*Data listing*
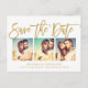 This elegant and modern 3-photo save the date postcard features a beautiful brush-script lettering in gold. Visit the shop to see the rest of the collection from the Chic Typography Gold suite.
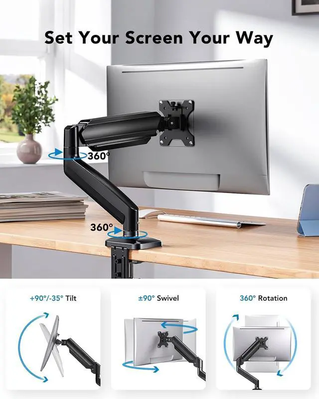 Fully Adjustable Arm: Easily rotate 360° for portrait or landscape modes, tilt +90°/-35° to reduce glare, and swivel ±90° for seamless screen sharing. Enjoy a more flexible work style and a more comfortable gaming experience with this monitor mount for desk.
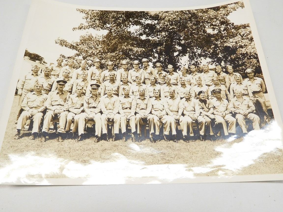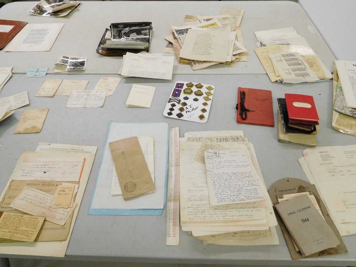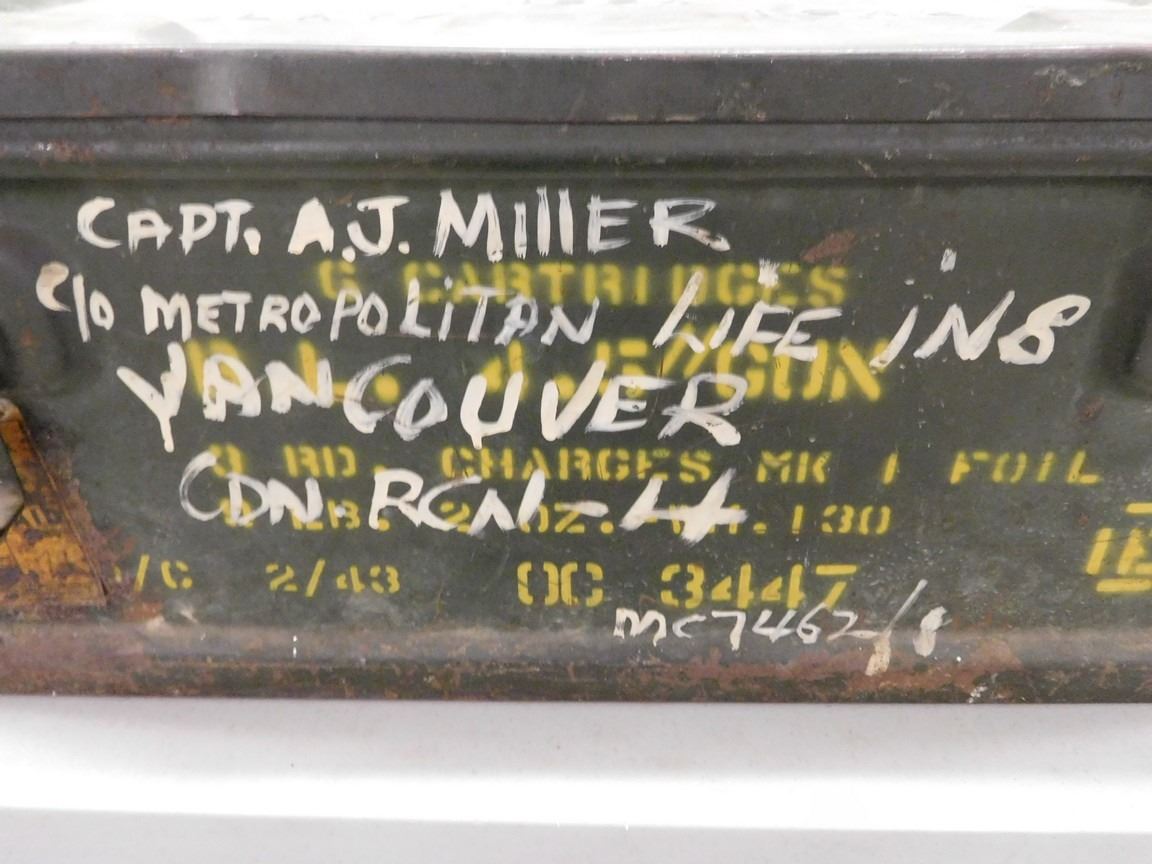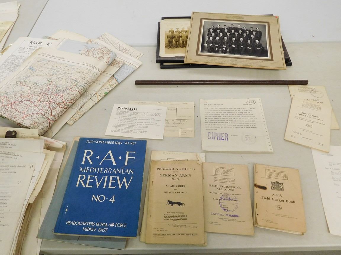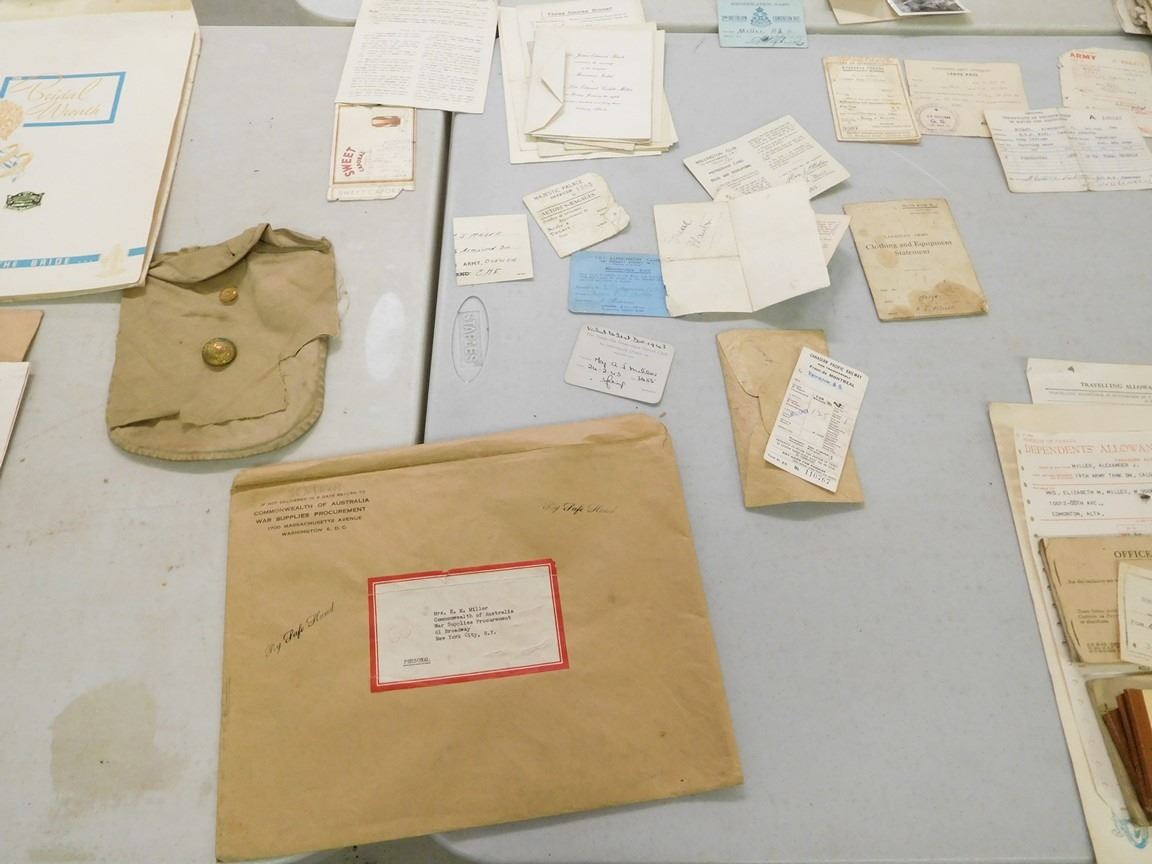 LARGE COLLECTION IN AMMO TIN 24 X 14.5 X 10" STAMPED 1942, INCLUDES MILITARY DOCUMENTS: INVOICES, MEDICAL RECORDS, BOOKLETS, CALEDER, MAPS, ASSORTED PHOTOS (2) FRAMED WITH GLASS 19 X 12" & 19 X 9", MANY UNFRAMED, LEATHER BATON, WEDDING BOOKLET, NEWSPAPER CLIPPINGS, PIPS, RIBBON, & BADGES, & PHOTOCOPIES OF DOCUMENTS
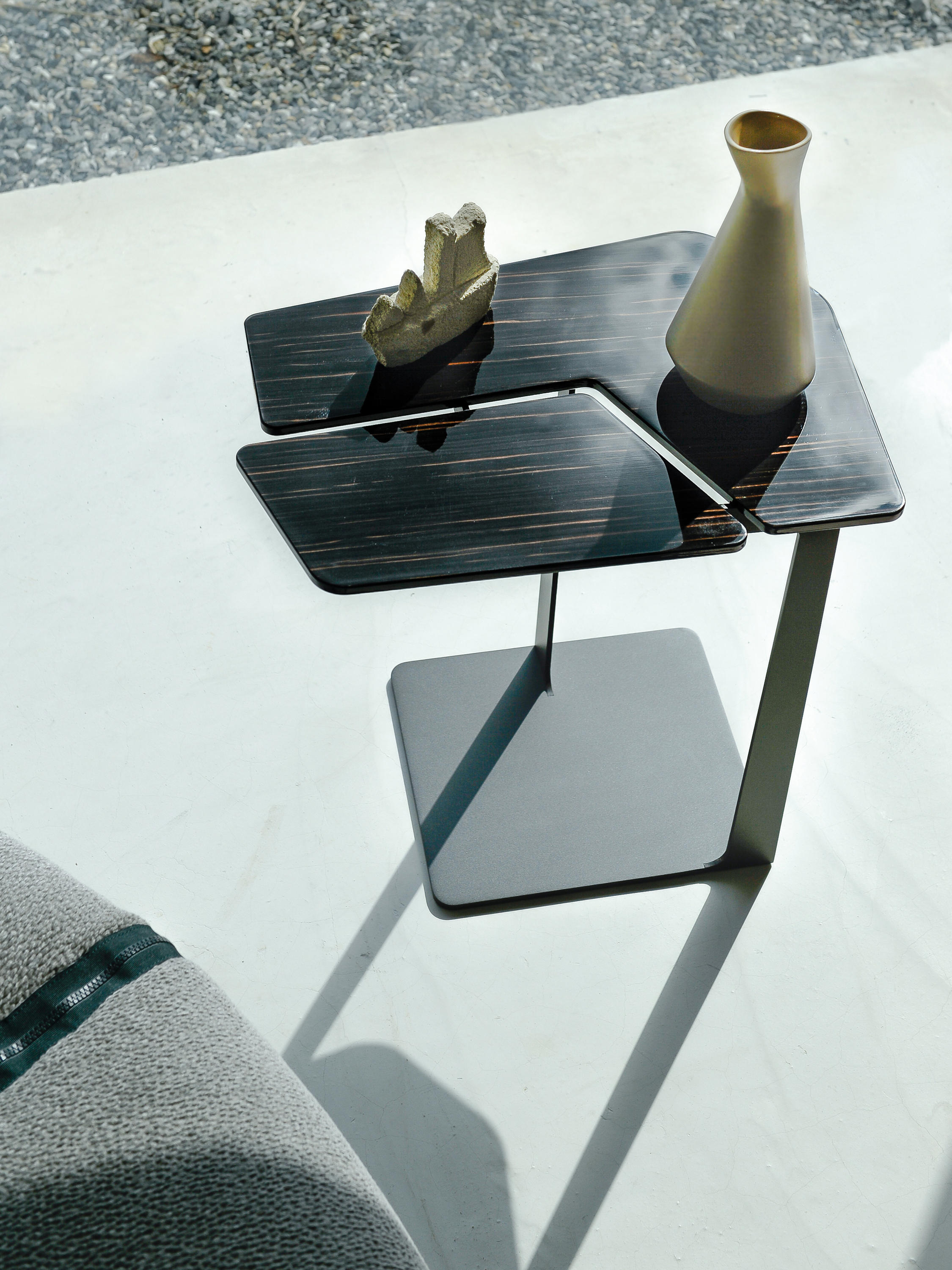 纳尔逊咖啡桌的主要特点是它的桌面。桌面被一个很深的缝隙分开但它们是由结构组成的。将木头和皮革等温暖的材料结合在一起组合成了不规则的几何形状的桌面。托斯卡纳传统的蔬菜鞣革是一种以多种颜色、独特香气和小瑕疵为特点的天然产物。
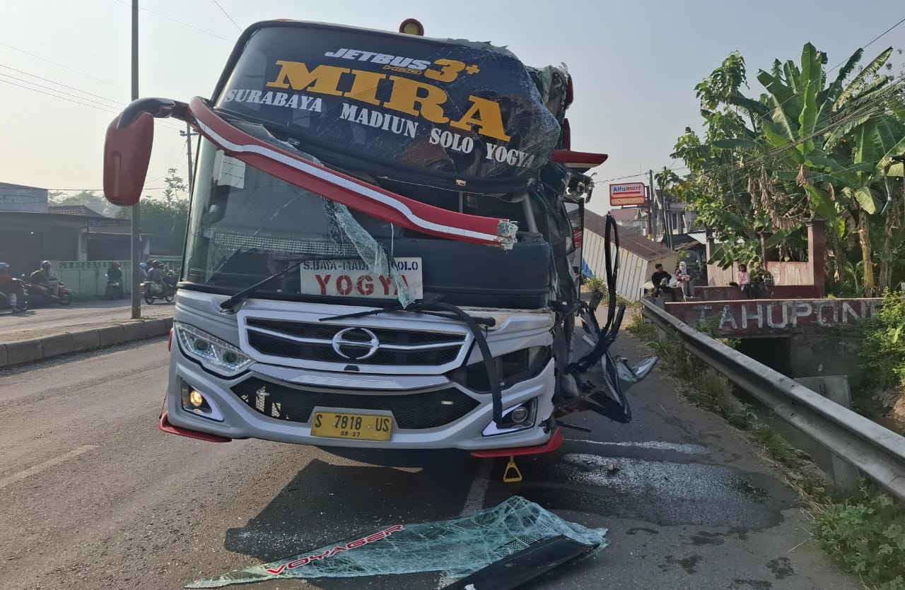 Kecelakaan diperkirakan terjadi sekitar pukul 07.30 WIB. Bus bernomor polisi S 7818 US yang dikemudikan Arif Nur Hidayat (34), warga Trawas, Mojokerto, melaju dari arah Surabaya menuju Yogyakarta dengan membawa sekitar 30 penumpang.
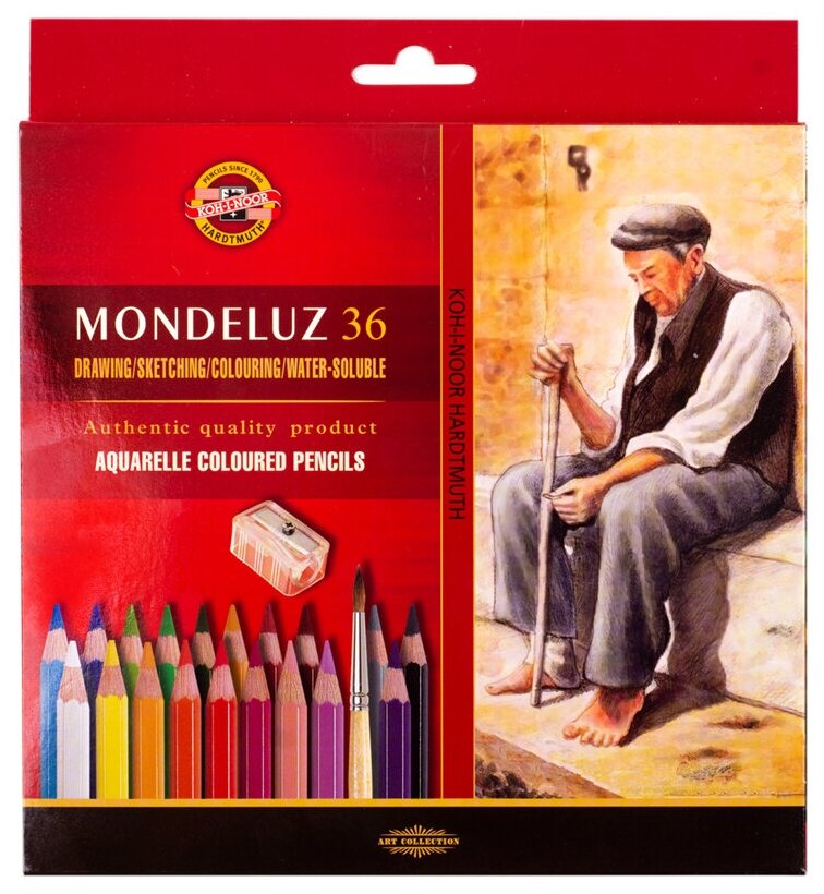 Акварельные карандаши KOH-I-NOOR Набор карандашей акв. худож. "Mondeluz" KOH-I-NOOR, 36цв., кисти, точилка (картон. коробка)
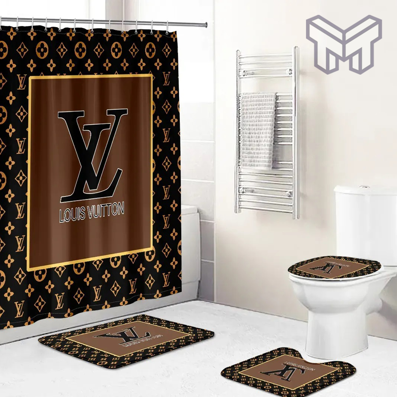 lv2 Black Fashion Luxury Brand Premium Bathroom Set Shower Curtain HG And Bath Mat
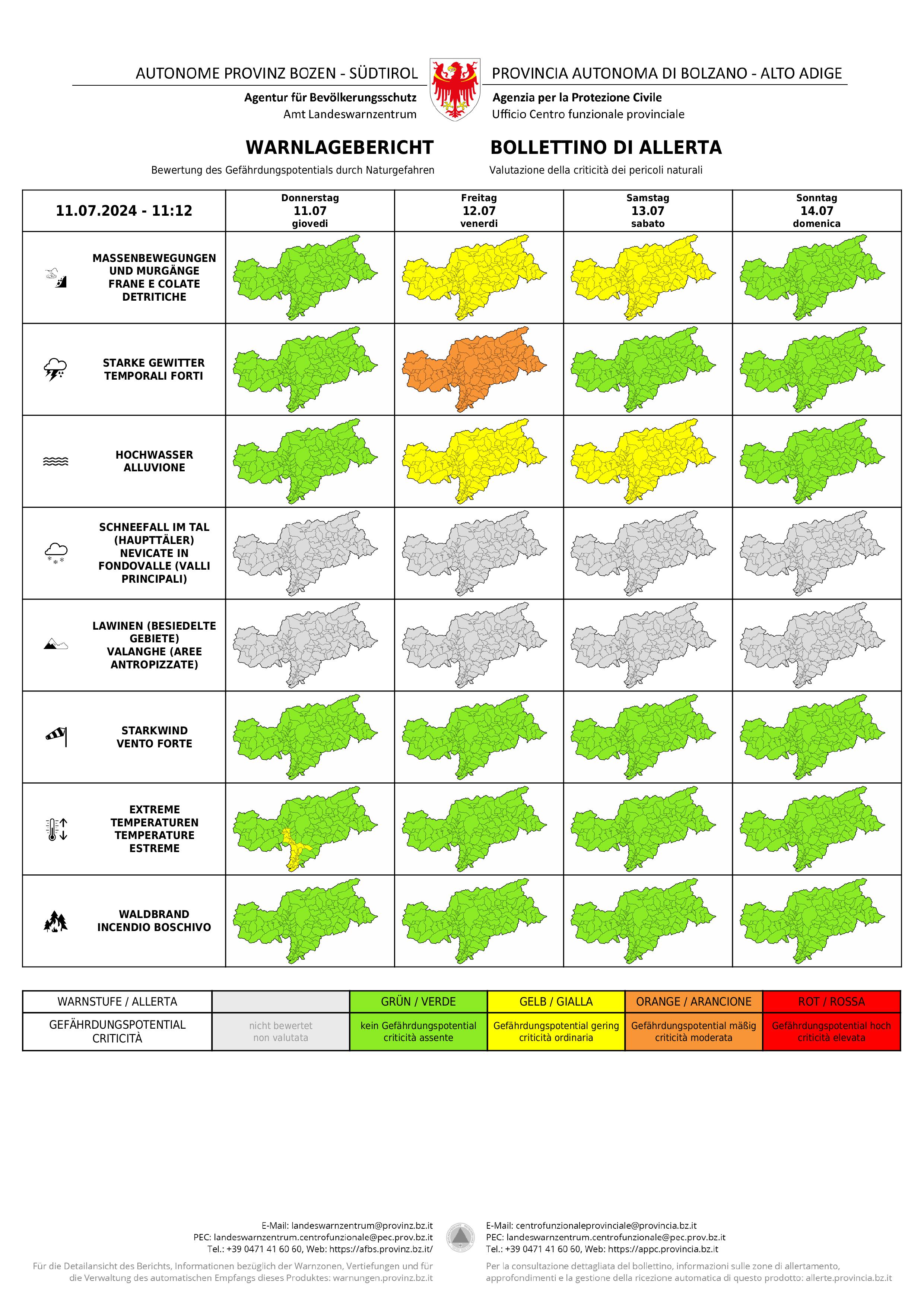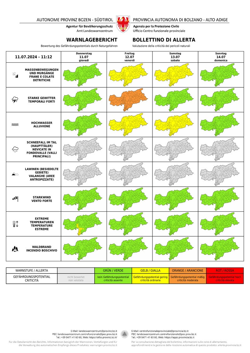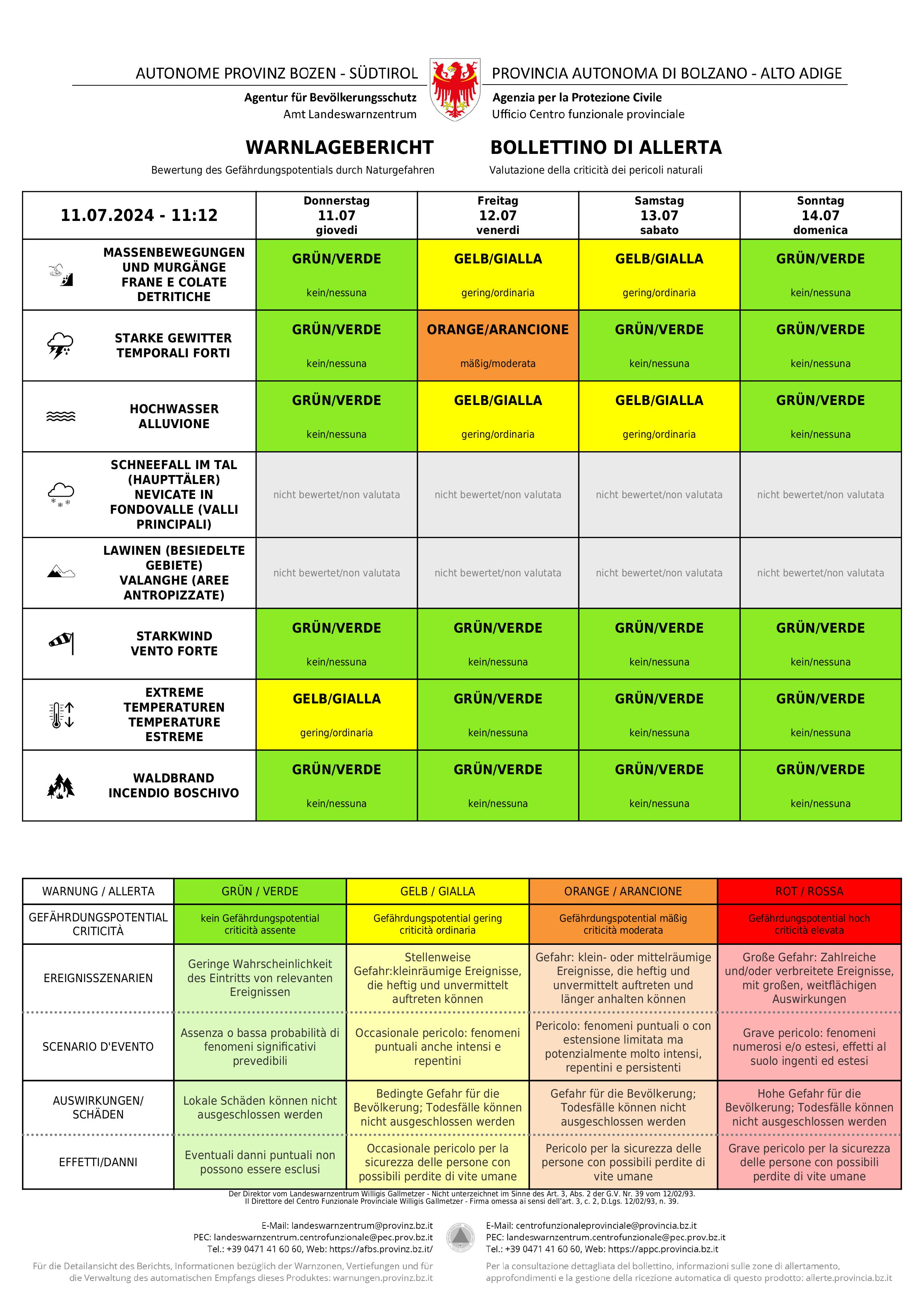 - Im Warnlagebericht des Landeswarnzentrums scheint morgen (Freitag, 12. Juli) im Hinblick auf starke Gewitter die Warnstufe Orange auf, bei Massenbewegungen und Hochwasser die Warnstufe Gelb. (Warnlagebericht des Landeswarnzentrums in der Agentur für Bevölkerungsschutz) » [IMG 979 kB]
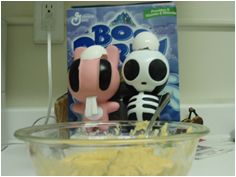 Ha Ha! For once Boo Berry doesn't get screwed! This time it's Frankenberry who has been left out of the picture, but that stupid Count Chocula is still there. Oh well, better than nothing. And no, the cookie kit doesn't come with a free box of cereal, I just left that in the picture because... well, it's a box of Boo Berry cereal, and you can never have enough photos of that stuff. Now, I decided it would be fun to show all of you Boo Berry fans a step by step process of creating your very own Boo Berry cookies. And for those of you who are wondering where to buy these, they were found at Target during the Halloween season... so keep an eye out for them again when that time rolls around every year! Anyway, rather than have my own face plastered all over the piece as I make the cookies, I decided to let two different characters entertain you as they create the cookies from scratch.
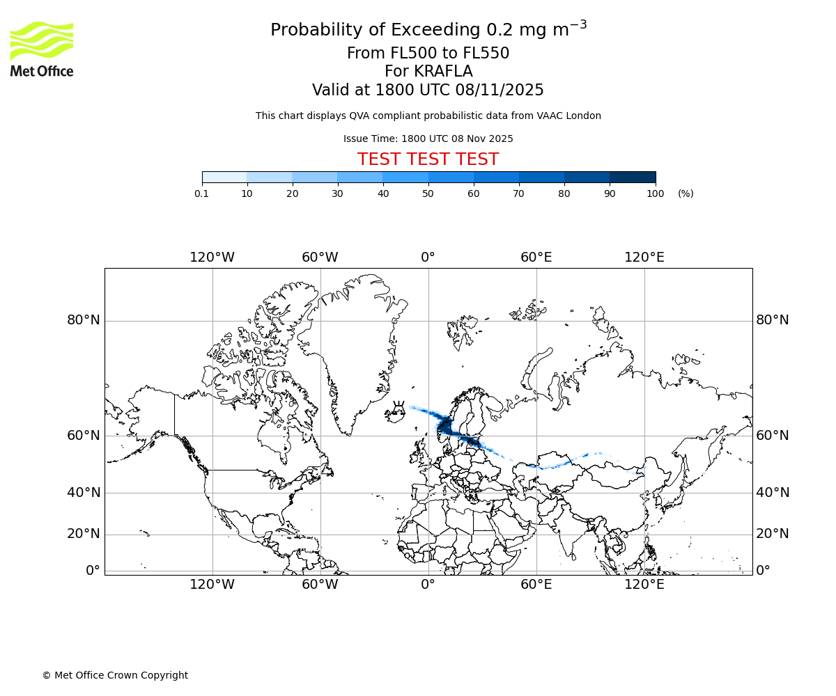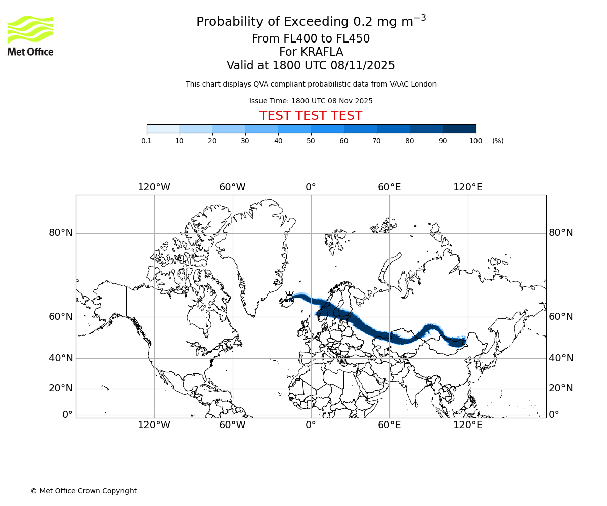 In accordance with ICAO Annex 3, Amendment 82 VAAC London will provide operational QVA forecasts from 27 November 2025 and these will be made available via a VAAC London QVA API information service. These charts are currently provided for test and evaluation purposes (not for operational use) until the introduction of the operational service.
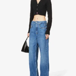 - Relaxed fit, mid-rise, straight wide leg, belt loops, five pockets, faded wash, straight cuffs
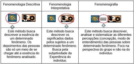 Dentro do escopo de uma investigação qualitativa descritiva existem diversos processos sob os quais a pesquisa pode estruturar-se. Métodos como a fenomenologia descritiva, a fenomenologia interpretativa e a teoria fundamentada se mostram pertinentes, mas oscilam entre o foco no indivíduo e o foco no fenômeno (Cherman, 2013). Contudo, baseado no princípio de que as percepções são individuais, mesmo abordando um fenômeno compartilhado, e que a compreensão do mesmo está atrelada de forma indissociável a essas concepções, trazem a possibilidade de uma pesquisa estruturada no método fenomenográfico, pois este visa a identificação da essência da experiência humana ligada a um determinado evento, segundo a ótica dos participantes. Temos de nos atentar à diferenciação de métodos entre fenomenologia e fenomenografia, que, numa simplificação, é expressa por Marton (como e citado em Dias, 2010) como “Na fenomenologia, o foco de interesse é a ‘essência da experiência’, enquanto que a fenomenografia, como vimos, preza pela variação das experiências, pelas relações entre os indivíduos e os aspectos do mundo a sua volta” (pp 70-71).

*Exercise*
Every line from the first line of the entries above through the line with "Fully Adjustable Arm: Easily" must be repeated exactly, and pictures must not be.

*Answer to the problem*
 This elegant and modern 3-photo save the date postcard features a beautiful brush-script lettering in gold. Visit the shop to see the rest of the collection from the Chic Typography Gold suite.
 Fully Adjustable Arm: Easily rotate 360° for portrait or landscape modes, tilt +90°/-35° to reduce glare, and swivel ±90° for seamless screen sharing. Enjoy a more flexible work style and a more comfortable gaming experience with this monitor mount for desk.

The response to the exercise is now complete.